I initially recommended this company & WISH I could now delete these posts after having completed a tour with them. I had the WORST time possible on an overland tour & given the other companies we ran into on the way feel completely ripped off.

Below is a letter written in collaboration with the entire group (22 people) who were on our Acacia tour. I implore you to NEVER use Acacia!!!

Since this letter was written & Willie Louw the operations manager (although god only knows what he operates, a drug smuggling ring I suspect) PROMISED a satisfactory outcome stating verbally to our faces that Acacia would come to the party & compensate us. This was a brush off & blatant lie!
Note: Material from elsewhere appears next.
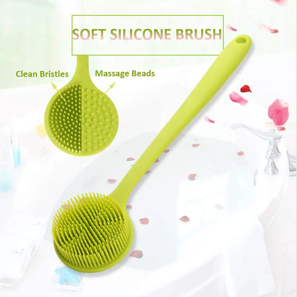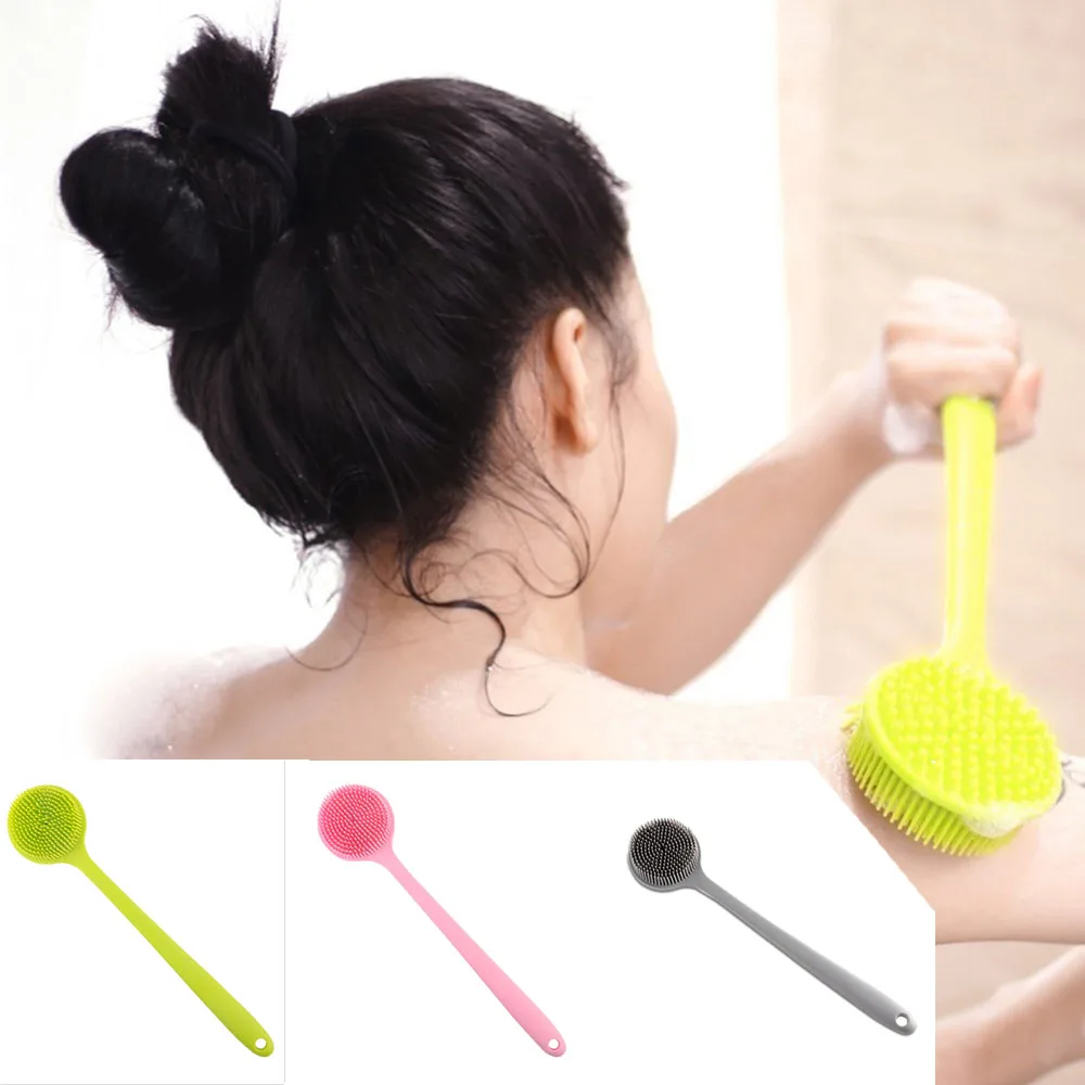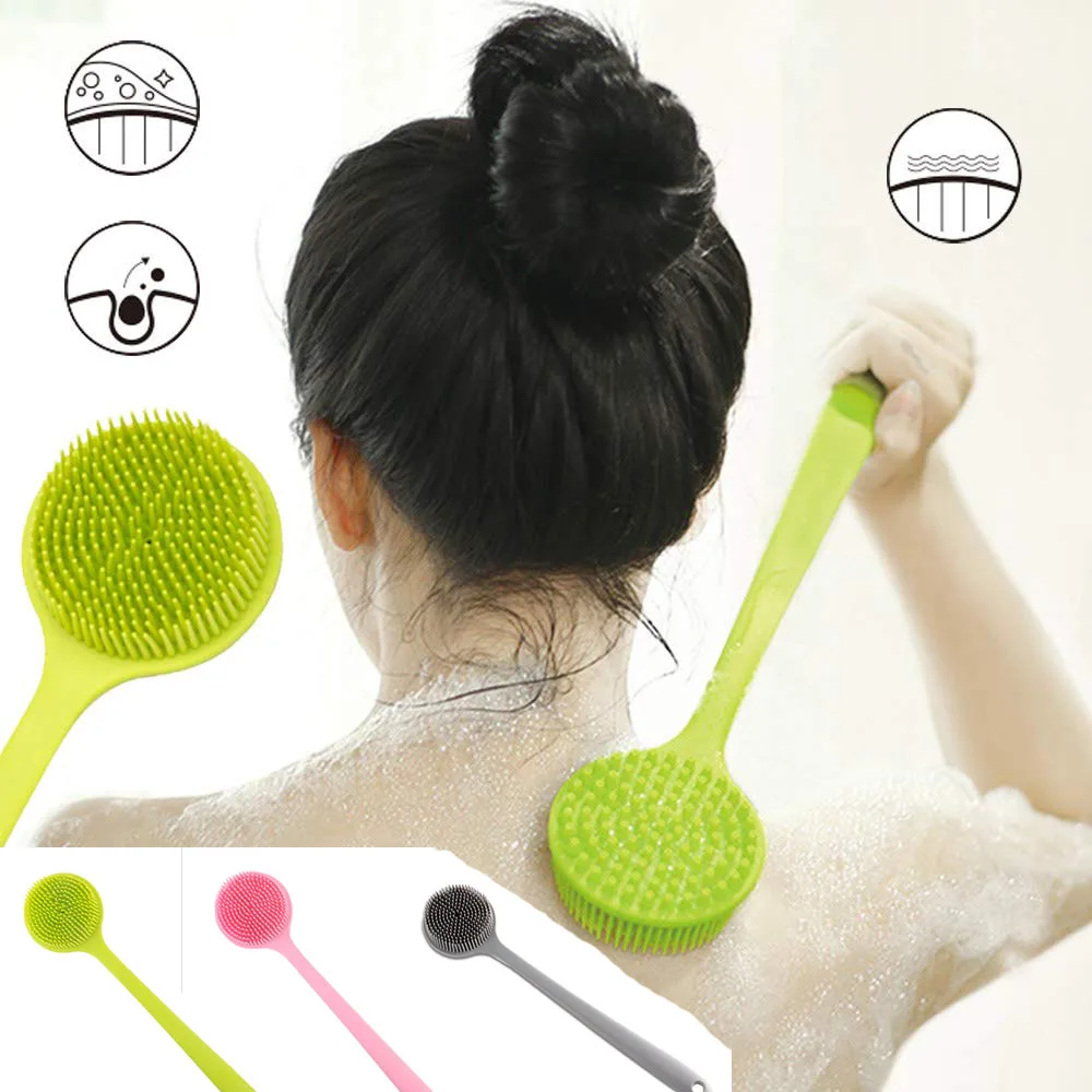 Двухсторонняя силиконовая щетка для душа 2 в 1 с длинной ручкой для ванной, Массажная щетка для купания, аксессуары для отшелушивания спины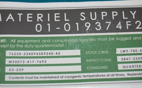 Description: A screen used Starfleet inventory application like those appearing variously in episodes of Star Trek: Enterprise. The item is a ‘Material Supply Command’ application themed in green and black color scheme and depicts realistic warnings and instructions. The item reads ‘Consignee: Quartermaster NX-01’. The application is in excellent condition and depicts only the barest of smudging with a minor loss of adhesive quality; it is affixed to a sheet of white coated paper for ease of removal and was carefully removed from a set piece prior to strike. The item measures approx. 3 X 8.25 inches.

We have just received a letter telling us in no uncertain terms (although very nicely worded)to go away & Acacia will do nothing!

After this letter was written we discovered that our tour leader had FAKED his own mugging & STOLEN our local payment money, approx $4000 USD.
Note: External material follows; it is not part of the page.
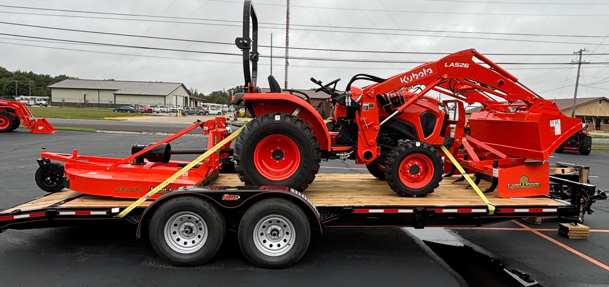 Includes 39hp Tractor, LA526FL Loader, 5ft Land Pride Bush Hog, 5ft Boxblade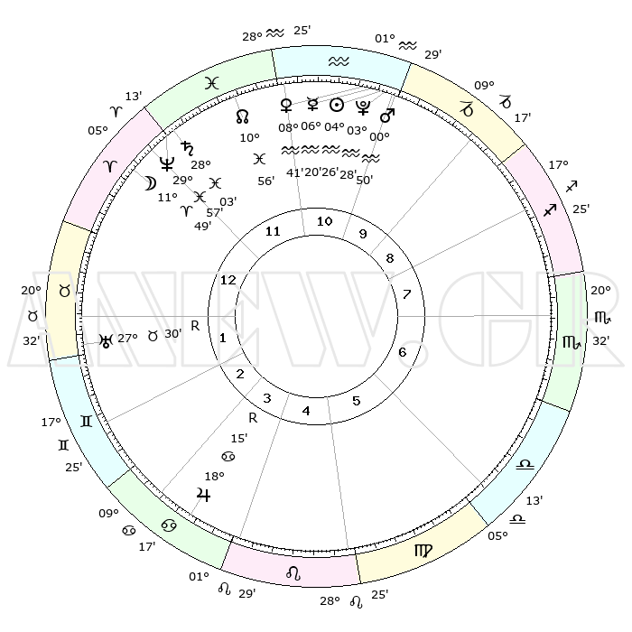 | | ΘΕΣΕΙΣ ΠΛΑΝΗΤΩΝ ΑΣΤΡΟΛΟΓΙΚΟΥ ΧΑΡΤΗ ΤΗΣ ΣΤΙΓΜΗΣ ΑΥΤΗΣ | | | | Πλανήτης | Ζώδιο | Μοίρες | Δεκαήμ. | Σε οίκο | Απόκλιση | | Ακμές των οίκων | | Ηλιος | Υδροχόος | 04°22' | Πρώτο | 11 | 19 S 10 | | 1ος | 15°15' | Κριός | | Σελήνη | Κριός | 10°54' | Δεύτερο | 12 | 06 N 49 | | 2ος | 21°34' | Ταύρος | | Ερμής | Υδροχόος | 06°13' | Πρώτο | 11 | 20 S 44 | | 3ος | 16°50' | Δίδυμοι | | Αφροδίτη | Υδροχόος | 08°36' | Πρώτο | 11 | 19 S 17 | | 4ος | 08°38' | Καρκίνος | | Αρης | Υδροχόος | 00°46' | Πρώτο | 10 | 20 S 58 | | 5ος | 01°48' | Λέων | | Δίας | Καρκίνος | 18°16'R | Δεύτερο | 4 | 22 N 29 | | 6ος | 01°44' | Παρθένος | | Κρόνος | Ιχθείς | 28°02' | Τρίτο | 12 | 02 S 48 | | 7ος | 15°15' | Ζυγός | | Ουρανός | Ταύρος | 27°30'R | Τρίτο | 2 | 19 N 25 | | 8ος | 21°34' | Σκορπιός | | Ποσειδώνας | Ιχθείς | 29°57' | Τρίτο | 12 | 01 S 14 | | 9ος | 16°50' | Τοξότης | | Πλούτωνας | Υδροχόος | 03°27' | Πρώτο | 11 | 23 S 04 | | 10ος | 08°38' | Αιγόκερως | | Β. Δεσμός | Ιχθείς | 10°56' | Δεύτερο | 12 | 07 S 28 | | 11ος | 01°48' | Υδροχόος | | Ωροσκόπος | Κριός | 15°15' | Δεύτερο | | | 12ος | 01°44' | Ιχθείς | | Μεσουράνημα | Αιγόκερως | 08°38' | Πρώτο | | | |

Please read below & feel free to contact me to verify ANY of the deatils...

Sorry if the cut & paste messes up the formating a bit but you get the idea.

By fax: +27215575983

For the attention of: Willie Louw

Operations Manager

Acacia Adventure Tours

Acacia Tour Group: Kenya to Uganda Gorilla Trek

Nairobi to Cape Town

Johannesburg to Cape Town

Livingstone to Cape Town

Date: 2 January 2008

Number of passengers: 22

Dear Sir,

We, the participants of the above tour, would like to bring to your attention a dissatisfaction in general with the standard of tour provided by your company. Many of us took a lot of time to research this trip as for most of us, it is in fact the trip of a lifetime. Your company came highly recommended for its high standards of equipment, safety and guiding. Unfortunately, we have not personally witnessed this level of service and many of us feel that we have not received what you have been contractually obliged to provide.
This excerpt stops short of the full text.